Records contained in a dataset
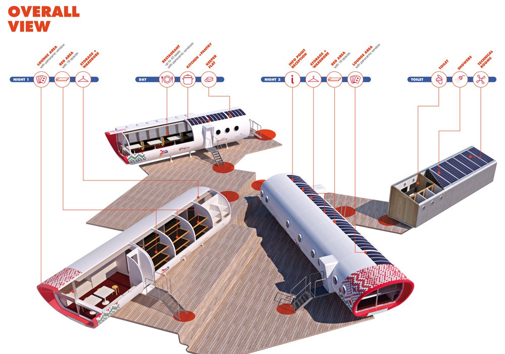 Het gebouw is ontworpen door een Italiaanse architectengroep LEAPfabriek, gespecialiseerd in ontwerp en architectuur van gebouwen in extreme omstandigheden. Op hoogte 4000 meter Zo bouwden ze een hotel in drie buizen (de gedeelde slaapkamers voor 49 gasten en de lounge bevinden zich in twee buizen, terwijl de derde het restaurant en de personeelsverblijven bevat, terwijl de badkamers zich in een ontwrichte kubus bevinden). De architecten integreerden verschillende technologieën in het project, vooral op het gebied van energiebesparing en duurzame en gerecyclede bronnen. Het hotel, dat in september werd geopend, is het eerste in een reeks projecten die de toeristische potentiële locatie nieuw leven zullen inblazen.
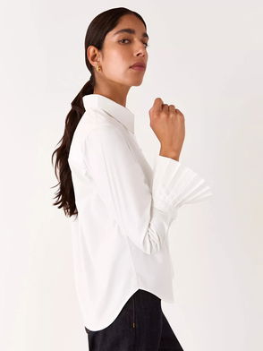 Embrace the sophistication of the Lyla Bow Sleeve Shirt, ideal for both daytime and evening celebrations. Crafted in ivory with a hint of transparency, it features a classic collar and short sleeves, each finished with a delicate bow. A timeless addition to elevate your wardrobe.
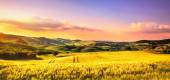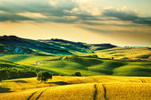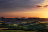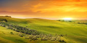 Toskania, wiejskiego krajobrazu na zachód słońca, Włochy. jezioro i zielone pola
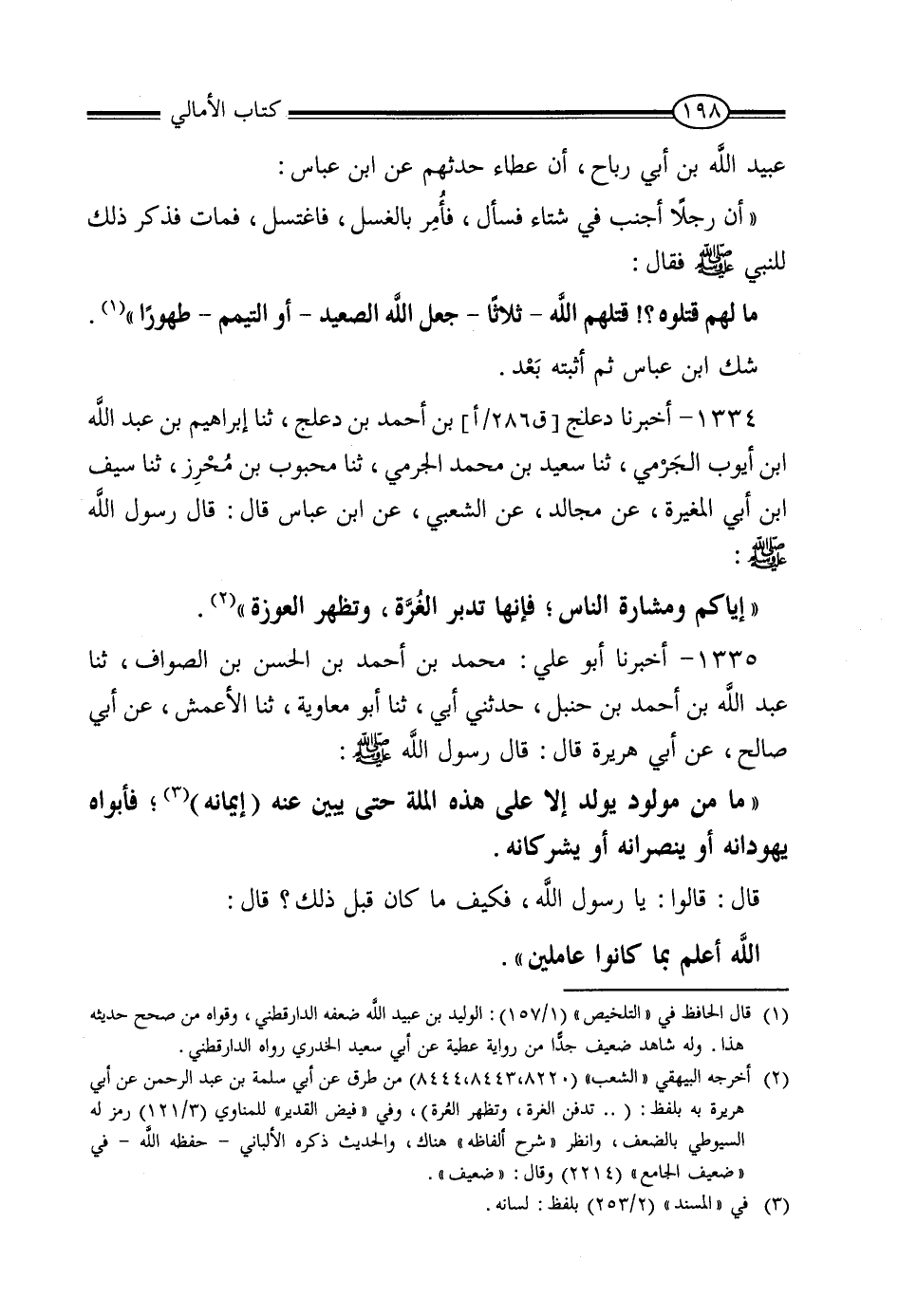 1335 - أَخْبَرَنَا أَبُو عَلِيٍّ مُحَمَّدُ بْنُ أَحْمَدَ بْنِ الْحَسَنِ بْنِ الصَّوَّافِ، ثنا عَبْدُ اللَّهِ بْنُ أَحْمَدَ بْنِ حَنْبَلٍ، حَدَّثَنِي أَبِي، ثنا أَبُو مُعَاوِيَةَ، ثنا الْأَعْمَشُ، عَنْ أَبِي صَالِحٍ، عَنْ أَبِي هُرَيْرَةَ، قَالَ: قَالَ رَسُولُ اللَّهِ صَلَّى اللَّهُ عَلَيْهِ وَسَلَّمَ: «مَا مِنْ مَوْلُودٍ يُولَدُ إِلا عَلَى هَذِهِ الْمِلَّةِ، حَتَّى يَبِينَ عَنْهُ لِسَانُهُ، فَأَبَوَاهُ يُهَوِّدَانِهِ، أَوْ يُنَصِّرَانِهِ، أَوْ يُشَرِّكَانِهِ» ، قَالَ: قَالُوا: يَا رَسُولَ اللَّهِ، فَكَيْفَ مَا كَانُوا قَبْلَ ذَلِكَ؟ قَالَ: «اللَّهُ أَعْلَمُ بِمَا كَانُوا عَامِلِينَ»
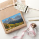 Adesivo Retangular Igreja e aldeia com paisagem montanhosa
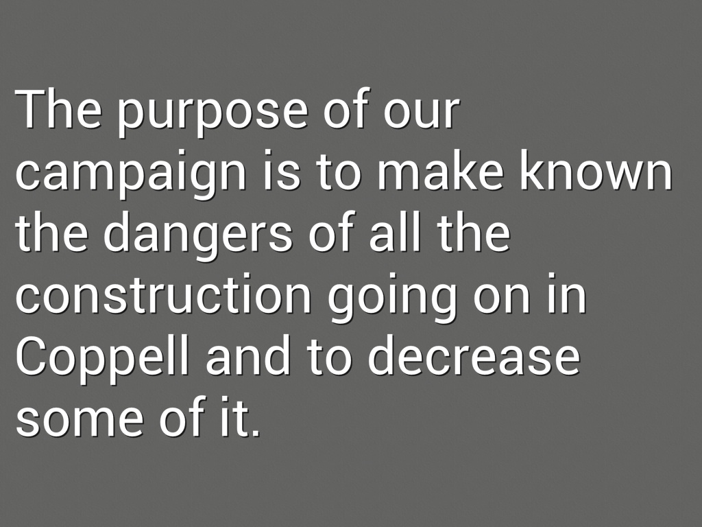 The purpose of our campaign is to make known the dangers of all the construction going on in Coppell and to decrease some of it.

## [TASK]
Each entry gets copied exactly; the pictures stay out.

## [ANSWER TO THE PROBLEM]
 Het gebouw is ontworpen door een Italiaanse architectengroep LEAPfabriek, gespecialiseerd in ontwerp en architectuur van gebouwen in extreme omstandigheden. Op hoogte 4000 meter Zo bouwden ze een hotel in drie buizen (de gedeelde slaapkamers voor 49 gasten en de lounge bevinden zich in twee buizen, terwijl de derde het restaurant en de personeelsverblijven bevat, terwijl de badkamers zich in een ontwrichte kubus bevinden). De architecten integreerden verschillende technologieën in het project, vooral op het gebied van energiebesparing en duurzame en gerecyclede bronnen. Het hotel, dat in september werd geopend, is het eerste in een reeks projecten die de toeristische potentiële locatie nieuw leven zullen inblazen.
 Embrace the sophistication of the Lyla Bow Sleeve Shirt, ideal for both daytime and evening celebrations. Crafted in ivory with a hint of transparency, it features a classic collar and short sleeves, each finished with a delicate bow. A timeless addition to elevate your wardrobe.
 Toskania, wiejskiego krajobrazu na zachód słońca, Włochy. jezioro i zielone pola
 1335 - أَخْبَرَنَا أَبُو عَلِيٍّ مُحَمَّدُ بْنُ أَحْمَدَ بْنِ الْحَسَنِ بْنِ الصَّوَّافِ، ثنا عَبْدُ اللَّهِ بْنُ أَحْمَدَ بْنِ حَنْبَلٍ، حَدَّثَنِي أَبِي، ثنا أَبُو مُعَاوِيَةَ، ثنا الْأَعْمَشُ، عَنْ أَبِي صَالِحٍ، عَنْ أَبِي هُرَيْرَةَ، قَالَ: قَالَ رَسُولُ اللَّهِ صَلَّى اللَّهُ عَلَيْهِ وَسَلَّمَ: «مَا مِنْ مَوْلُودٍ يُولَدُ إِلا عَلَى هَذِهِ الْمِلَّةِ، حَتَّى يَبِينَ عَنْهُ لِسَانُهُ، فَأَبَوَاهُ يُهَوِّدَانِهِ، أَوْ يُنَصِّرَانِهِ، أَوْ يُشَرِّكَانِهِ» ، قَالَ: قَالُوا: يَا رَسُولَ اللَّهِ، فَكَيْفَ مَا كَانُوا قَبْلَ ذَلِكَ؟ قَالَ: «اللَّهُ أَعْلَمُ بِمَا كَانُوا عَامِلِينَ»
 Adesivo Retangular Igreja e aldeia com paisagem montanhosa
 The purpose of our campaign is to make known the dangers of all the construction going on in Coppell and to decrease some of it.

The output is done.